Interview with lightshow artist musician Marc L. Rubinstein of Pig Light Show, a visual analog to the music

"Psychedelic is a frame of mind, available to anyone, and attainable without drugs if you are open to and desirous of more than what faces the average person."

Marc L. Rubinstein: See the Music, Listen the Colors

The Pig Light Show (Saint Elmo’s Fire) started by Marc L. Rubinstein in 1965 as Saint Elmo’s Fire. The name was changed after (in his own words) "a strange episode having to do with a Mothers of Invention concert at the Garrick Theatre in the Village", which resulted in Marc being given the local nickname "Pig", and the light show was known as Pig’s Light Show. The first Pig Light Show was at the Fillmore East under the direction of Marc L. Rubinstein” with Larry Wieder on reflectives, Patrick Waters on liquids, Mark Miller at the controls and in charge of slides.

Later they were joined (for a while) by, Joe Lipton, Marvin Chanes, Sandy Frank, Robert Cohen, who had had a show called London Lights. Not long after his 18th birthday (after already performing with most of the bands who appeared at Woodstock), Marc did a Tuesday night “audition” show at Bill Graham’s Fillmore East. By night’s end the whole backstage crew - including members of the Joshua Light Show - were calling him (and his VERY professional, for being so young, light show) Josh Jr. - much to the embarrassment of Marc and the obvious pleasure of his mentor, Joshua White.

Exactly six months later (and many more shows at The Ritz, The Academy of Music and other venues), Pig Light Show became Joshua White’s hand-picked replacement for Fillmore East house light show.

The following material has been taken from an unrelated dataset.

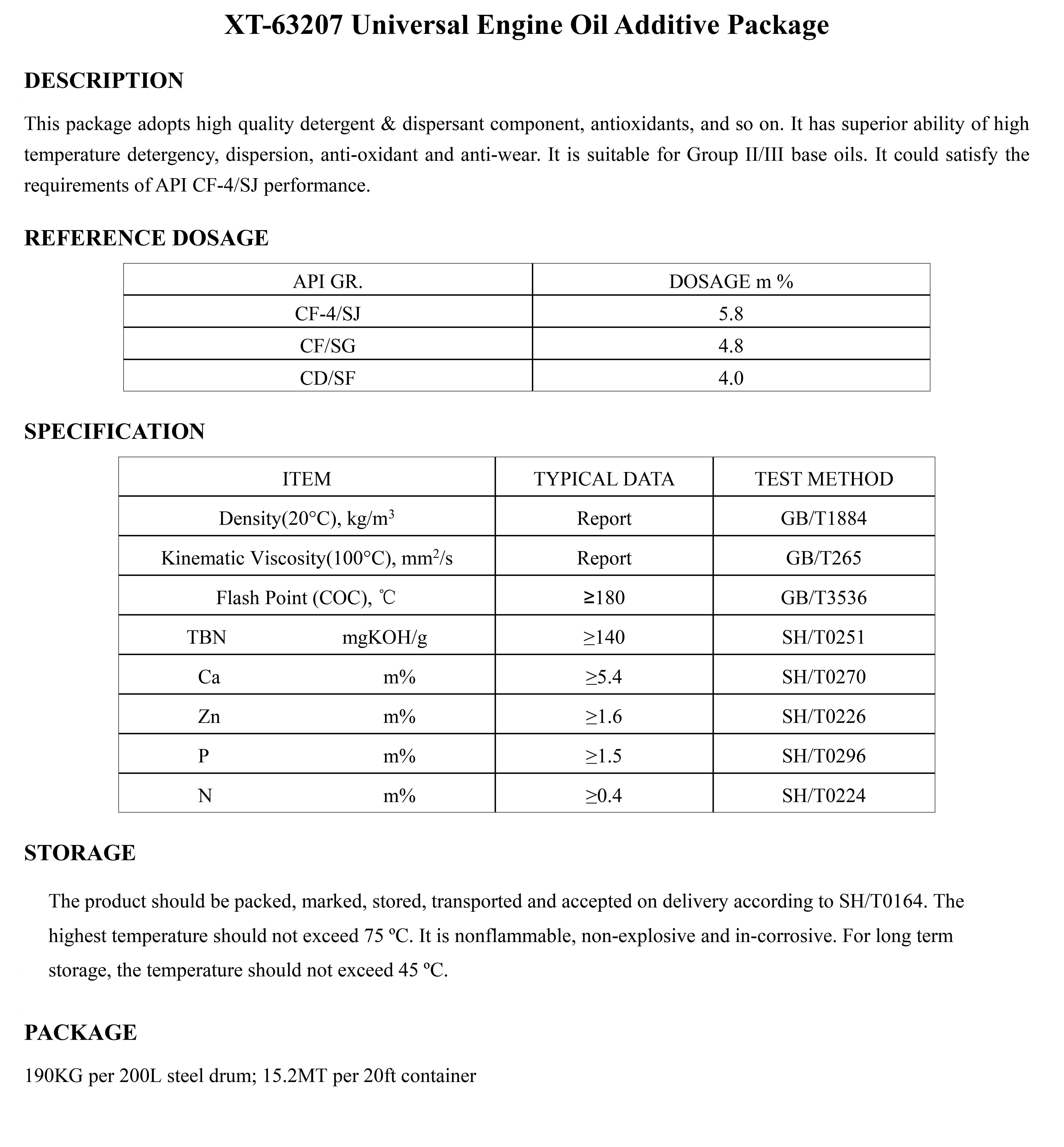 XT-63207 Universal Engine Oil Additive Package-Engine Oil Additive Package-錦州新興石油添加劑有限責任公司

Marc hadn’t reached 19 but had his young heart’s dream, and was lauded in, among others, the New York Times, the New York Post and Playboy magazine’s prestigious Jazz and Music reviews. The Fillmore East closed just before the beginning of July in 1971. John Scher and Al Hayward asked Pig Light Show to be house light show at their upcoming Capitol Theatre in Passaic, NJ. Marc L. Rubinstein talks about the Fillmore, psychedelic art, the art of light shows, his band The Gray Lions, Poco and BB King.

Interview by Michael Limnios

When was your first desire to become involved in the art of light shows? How important was music in your life?

I was a musician before I got into lighting and then light show. It was 1965-66 and I wanted something to set my band apart from the others around, and no bands carried their own lighting, and most venues had little or no special lighting if any stage lighting at all. I created these light boxes, each with a few colored spotlights for which I created a control board with dimmers and momentary “flash” switches. Soon other bands were hiring me and I got more work from them than from my own. Around 1966-67 I saw my first liquid light show effects and thought them cool, but it wasn’t until I saw a very early performance of the Joshua Light Show that I realized the power and theatricality light shows could wield and moved from stage lighting to strictly light show.

How do you describe Marc L Rubinstein light shows and what characterize your music and artistic philosophy?

My Pig Light Show has always been about the music…about giving a visual analog to the music and not just “doing my art with the music” as seemed the attitude of most light show artists. Being a musician that beat, build, binding is everything and although I can and have created beautiful things to be seen in silence, I am never as happy or fulfilled as when I am creating as part of the music. I feel like a visual musician when I do, and it is not so much the recreating a psychedelic experience as it was for so many of the early light show artists (and even many today), it is about opening one’s mind to the music to the mind’s visual side, the side most never encounter when listening.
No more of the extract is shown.